On enormous piles of money surrounded by many beautiful ladies
Avik Roy ladies and gentlemen:
It’s likely that, if the Senate bill passes, more Americans will have health insurance five years from now than do today.
For reals? How do you figure . . . ?
The Congressional Budget Office believes that solely because Republicans would repeal the A.C.A.’s individual mandate, by 2026, more than 15 million fewer people will buy health insurance, regardless of what senators do to direct more financial assistance to the poor and the vulnerable. That’s not a flaw in the Senate bill; it’s a flaw in the C.B.O.’s methods.
The CBO estimates that 15 million fewer people will buy insurance, because the GOP’s bill will make it impossible for many millions of people to buy “health insurance” in any economically meaningful sense:
Under Obamacare, insurers cover a large portion of out-of-pocket costs for individuals making up to 250 percent of the federal poverty level — about $30,000 for an individual and $61,000 for a family of four. In exchange, the federal government reimburses them for the difference. The theory is that customers in this income range would otherwise struggle to benefit from a silver plan with deductibles of $7,500.

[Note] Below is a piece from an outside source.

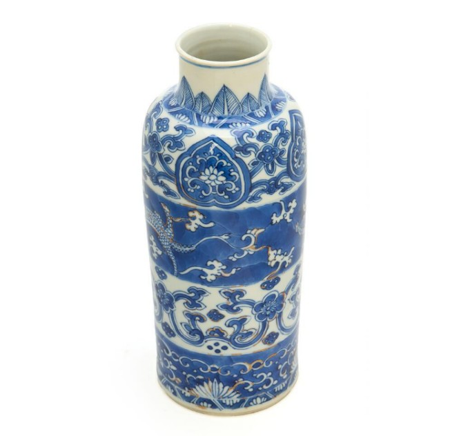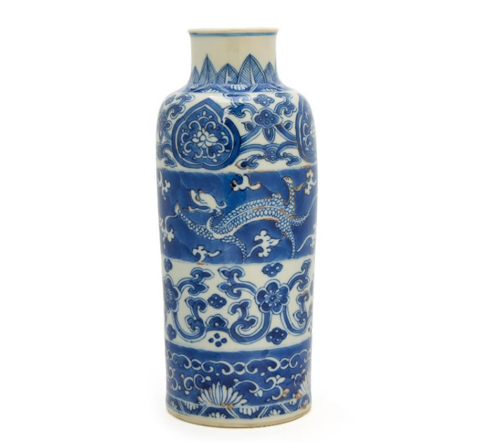 A Chinese blue and white 'chilong' cylincdical vase

But the House and Senate bills each eliminate these cost-sharing provisions — and the effects would be dramatic, according to a Kaiser Family Foundation analysis. If you’re an individual making around $18,000 a year, your effective deductible would be about $255 under Obamacare. Under the Senate bill, though, that number would jump to over $6,000 — almost 24 times higher.
People who make $18,000 per year have an after-tax income of about $1,250 per month. Under the GOP plan, these people will be required to pay nearly half their total expendable income in deductibles, if they should make a poor lifestyle choice, like getting sick or injured, and then decide to try to get medical treatment.
So obviously they’re not going to buy fake “insurance” under these circumstances.
What Roy points out is that the CBO doesn’t take into account the possibility that the same party that is passing this bill might not subsequently create a bunch of subsidies that will make it rational for these people to buy health insurance. You know, like Obamacare currently does.
Don’t read the whole thing if you value either your sanity or your breakfast.
. . . I see Scott beat me to it.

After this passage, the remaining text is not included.